Let us look at your specific example, because it is very interesting. We want to evaluate
$$\frac{\sqrt{(a-b)+c}-\sqrt{c}}{a-b},$$
where $a$, $b$, and $c$ are integers. There can be serious loss of precision if $c$ is huge and $a$ and $b$ are very close to each other.

However, there is a straightforward workaround. Suppose that $c$ is very large and $|a-b|$ is small, the kind of situation that can lead to catastrophic loss of precision.

Imagine multiplying “top” and “bottom” by $\sqrt{(a-b)+c} +\sqrt{c}.$
After a small amount of algebra, we obtain
$$\frac{1}{\sqrt{(a-b)+c}+\sqrt{c}}.$$
Our new expression no longer involves subtracting nearly equal very large numbers. There is no longer any substantial loss of precision issue.

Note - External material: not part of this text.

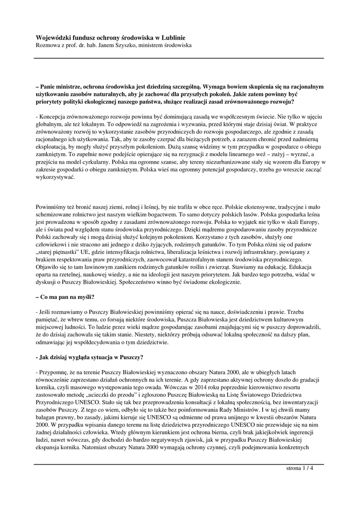 Wojewódzki fundusz ochrony środowiska w Lublinie Rozmowa z prof. dr. hab. Janem Szyszko, ministrem środowiska – Panie ministrze, ochrona środowiska jest dziedziną szczególną. Wymaga bowiem skupienia się na racjonalnym użytkowaniu zasobów naturalnych, aby je zachować dla przyszłych pokoleń. Jakie zatem powinny być priorytety polityki ekologicznej naszego państwa, służące realizacji zasad zrównoważonego rozwoju? - Koncepcja zrównoważonego rozwoju powinna być dominującą zasadą we współczesnym świecie. Nie tylko w ujęciu globalnym, ale też lokalnym. To odpowiedź na zagrożenia i wyzwania, przed którymi staje dzisiaj świat. W praktyce zrównoważony rozwój to wykorzystanie zasobów przyrodniczych do rozwoju gospodarczego, ale zgodnie z zasadą racjonalnego ich użytkowania. Tak, aby te zasoby czerpać dla bieżących potrzeb, a zarazem chronić przed nadmierną eksploatacją, by mogły służyć przyszłym pokoleniom. Dużą szansę widzimy w tym przypadku w gospodarce o obiegu zamkniętym. To zupełnie nowe podejście opierające się na rezygnacji z modelu linearnego weź – zużyj – wyrzuć, a przejściu na model cyrkularny. Polska ma ogromne szanse, aby tereny niezurbanizowane stały się wzorem dla Europy w zakresie gospodarki o obiegu zamkniętym. Polska wieś ma ogromny potencjał gospodarczy, trzeba go wreszcie zacząć wykorzystywać. Powinniśmy też bronić naszej ziemi, rolnej i leśnej, by nie trafiła w obce ręce. Polskie ekstensywne, tradycyjne i mało schemizowane rolnictwo jest naszym wielkim bogactwem. To samo dotyczy polskich lasów. Polska gospodarka leśna jest prowadzona w sposób zgodny z zasadami zrównoważonego rozwoju. Polska to wyjątek nie tylko w skali Europy, ale i świata pod względem stanu środowiska przyrodniczego. Dzięki mądremu gospodarowaniu zasoby przyrodnicze Polski zachowały się i mogą dzisiaj służyć kolejnym pokoleniom. Korzystano z tych zasobów, służyły one człowiekowi i nie stracono ani jednego z dziko żyjących, rodzimych gatunków. To tym Polska różni się od państw „starej piętnastki” UE, gdzie intensyfikacja rolnictwa, liberalizacja leśnictwa i rozwój infrastruktury, powiązany z brakiem respektowania praw przyrodniczych, zaowocował katastrofalnym stanem środowiska przyrodniczego. Objawiło się to tam lawinowym zanikiem rodzimych gatunków roślin i zwierząt. Stawiamy na edukację. Edukacja oparta na rzetelnej, naukowej wiedzy, a nie na ideologii jest naszym priorytetem. Jak bardzo tego potrzeba, widać w dyskusji o Puszczy Białowieskiej. Społeczeństwo winno być świadome ekologicznie. – Co ma pan na myśli? - Jeśli rozmawiamy o Puszczy Białowieskiej powinniśmy opierać się na nauce, doświadczeniu i prawie. Trzeba pamiętać, że wbrew temu, co forsują niektóre środowiska, Puszcza Białowieska jest dziedzictwem kulturowym miejscowej ludności. To ludzie przez wieki mądrze gospodarując zasobami znajdującymi się w puszczy doprowadzili, że do dzisiaj zachowała się takim stanie. Niestety, niektórzy próbują odsuwać lokalną społeczność na dalszy plan, odmawiając jej współdecydowania o tym dziedzictwie. - Jak dzisiaj wygląda sytuacja w Puszczy? - Przypomnę, że na terenie Puszczy Białowieskiej wyznaczono obszary Natura 2000, ale w ubiegłych latach równocześnie zaprzestano działań ochronnych na ich terenie. A gdy zaprzestano aktywnej ochrony doszło do gradacji kornika, czyli masowego występowania tego owada. Wówczas w 2014 roku poprzednie kierownictwo resortu zastosowało metodę „ucieczki do przodu” i zgłoszono Puszczę Białowieską na Listę Światowego Dziedzictwa Przyrodniczego UNESCO. Stało się tak bez przeprowadzenia konsultacji z lokalną społecznością, bez inwentaryzacji zasobów Puszczy. Z tego co wiem, odbyło się to także bez poinformowania Rady Ministrów. I w tej chwili mamy bałagan prawny, bo zasady, jakimi kieruje się UNESCO są odmienne od prawa unijnego w kwestii obszarów Natura 2000. W przypadku wpisania danego terenu na listę dziedzictwa przyrodniczego UNESCO nie przewiduje się na nim żadnej działalności człowieka. Wtedy głównym kierunkiem jest ochrona bierna, czyli brak jakiejkolwiek ingerencji ludzi, nawet wówczas, gdy dochodzi do bardzo negatywnych zjawisk, jak w przypadku Puszczy Białowieskiej ekspansja kornika. Natomiast obszary Natura 2000 wymagają ochrony czynnej, czyli podejmowania konkretnych strona 1 / 4 Wojewódzki fundusz ochrony środowiska w Lublinie Rozmowa z prof. dr. hab. Janem Szyszko, ministrem środowiska działań. Sprzeczność jest oczywista. - Jakie w związku z tym resort podejmie kroki? - Wkrótce otrzymam raport na temat zasiedlenia Puszczy przez kornika drukarza. Z informacji, jakie do mnie docierają, w tym roku zamiera ok. 300 tys. metrów sześc. drzew z gatunku świerka, a w zeszłym roku zamarło o tej porze około 200 tys. metrów. Widać więc, że argumenty aktywistów ekologicznych mówiące, że las sam sobie poradzi ze szkodnikiem są zupełnie nietrafione. Konieczne jest podjęcie działań, aby powstrzymać gradację kornika na tych obszarach, które obejmuje unijna sieć Natura 2000 i które myśmy wyznaczyli jako tereny, gdzie będziemy prowadzili działania ochronne. Bo 1/3 terenu Puszczy w nadleśnictwach gospodarczych, czyli 17 tys. ha, wyłączyliśmy z tych prac, tam nie będziemy prowadzili żadnych zabiegów. Robimy to, żeby pokazać, kto ma rację: czy ci, którzy twierdzą, że ten obiekt jest nietknięty ręką człowieka i ludzie nie powinni tam ingerować w przyrodę, czy też rację mają ci, którzy uważają, że Puszcza jest dziedzictwem kulturowym miejscowej ludności, polskich leśników, bo to dzięki nim powstały te piękne drzewostany. - Zmieńmy temat. Porozumienie Paryskie - przyjęte założenia dotyczące redukcji gazów cieplarnianych na całym świecie są bardzo ambitne. Jednak, aby się z nich wywiązać, wszystkich sygnatar

Comment: The expression you mentioned is very close to the kind of expression we obtain when solving the quadratic equation $ax^2+bx+c=0$. (Of course $a$, $b$, and $c$ no longer have the same meaning as in your example.)
The familiar Quadratic Formula
$$\frac{-b\pm\sqrt{b^2-4ac}}{2a}$$
can give numerical evaluation issues when $|4ac|$ is very small in comparison with $|b|$.

Multiply “top” and “bottom” by $-b\mp\sqrt{b^2-4ac}$. After the smoke clears, we obtain
$$\frac{2c}{-b \mp \sqrt{b^2-4ac}}.$$

So we have a new formula for solving the quadratic equation. This formula is sometimes called the Citardauq Formula.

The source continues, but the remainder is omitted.